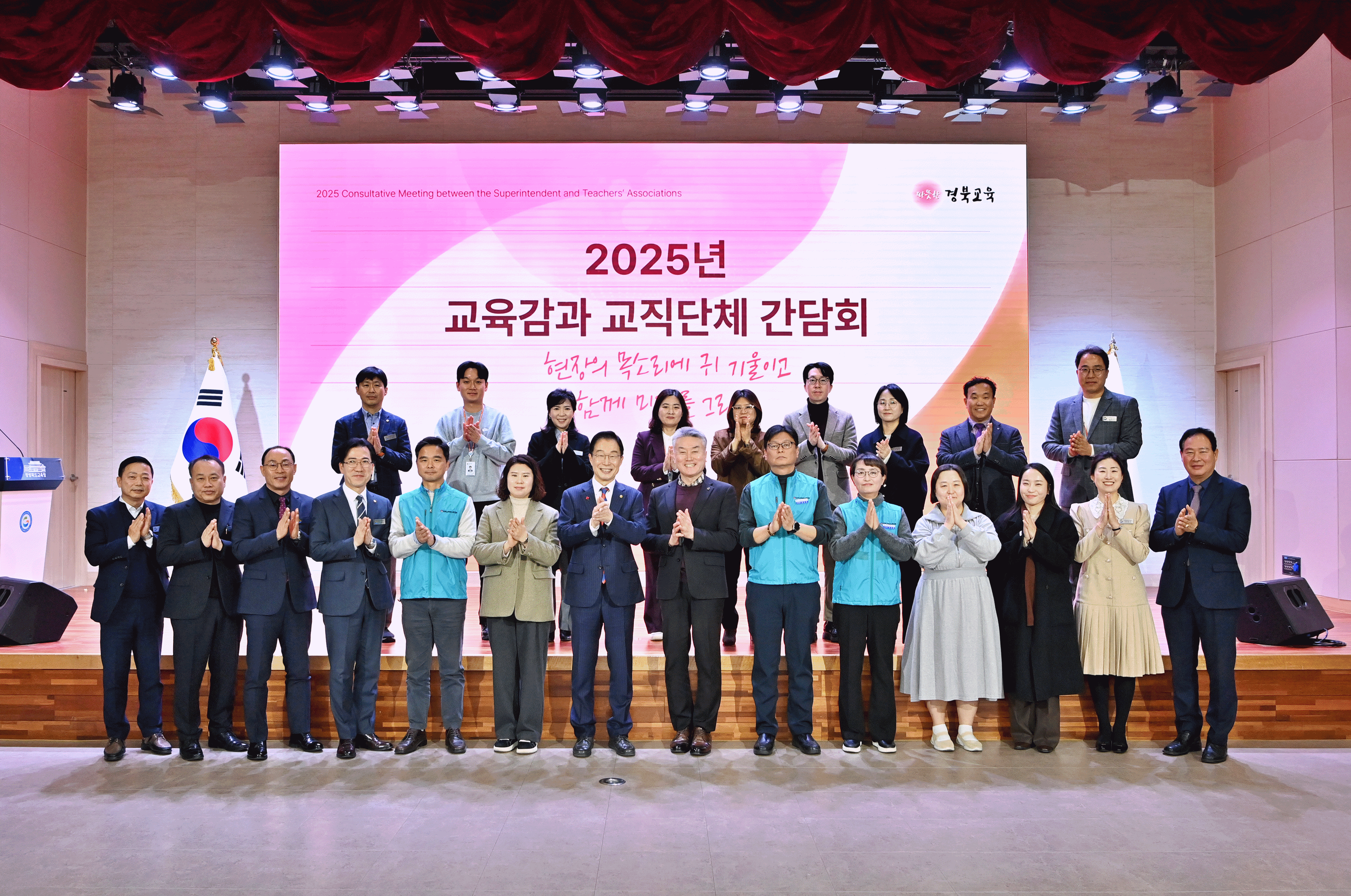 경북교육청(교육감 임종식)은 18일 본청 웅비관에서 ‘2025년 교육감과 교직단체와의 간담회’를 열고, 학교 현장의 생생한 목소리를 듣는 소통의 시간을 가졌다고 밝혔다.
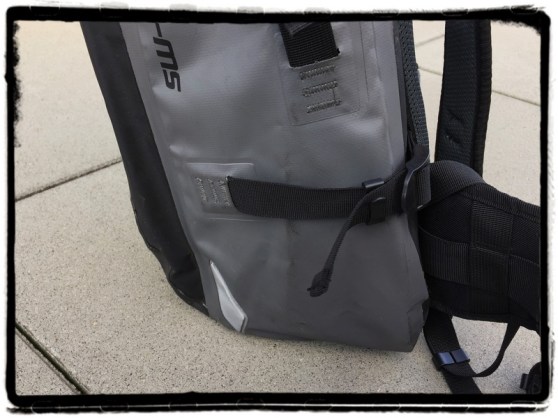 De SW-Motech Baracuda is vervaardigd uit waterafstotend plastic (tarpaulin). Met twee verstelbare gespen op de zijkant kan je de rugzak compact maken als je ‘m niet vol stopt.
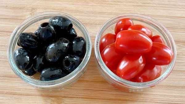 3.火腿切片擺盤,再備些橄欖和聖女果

• **How to complete this task**
Exclude the pictures and give back the rest of the data above exactly as written.

• **Answer for the task**
 경북교육청(교육감 임종식)은 18일 본청 웅비관에서 ‘2025년 교육감과 교직단체와의 간담회’를 열고, 학교 현장의 생생한 목소리를 듣는 소통의 시간을 가졌다고 밝혔다.
 De SW-Motech Baracuda is vervaardigd uit waterafstotend plastic (tarpaulin). Met twee verstelbare gespen op de zijkant kan je de rugzak compact maken als je ‘m niet vol stopt.
 3.火腿切片擺盤,再備些橄欖和聖女果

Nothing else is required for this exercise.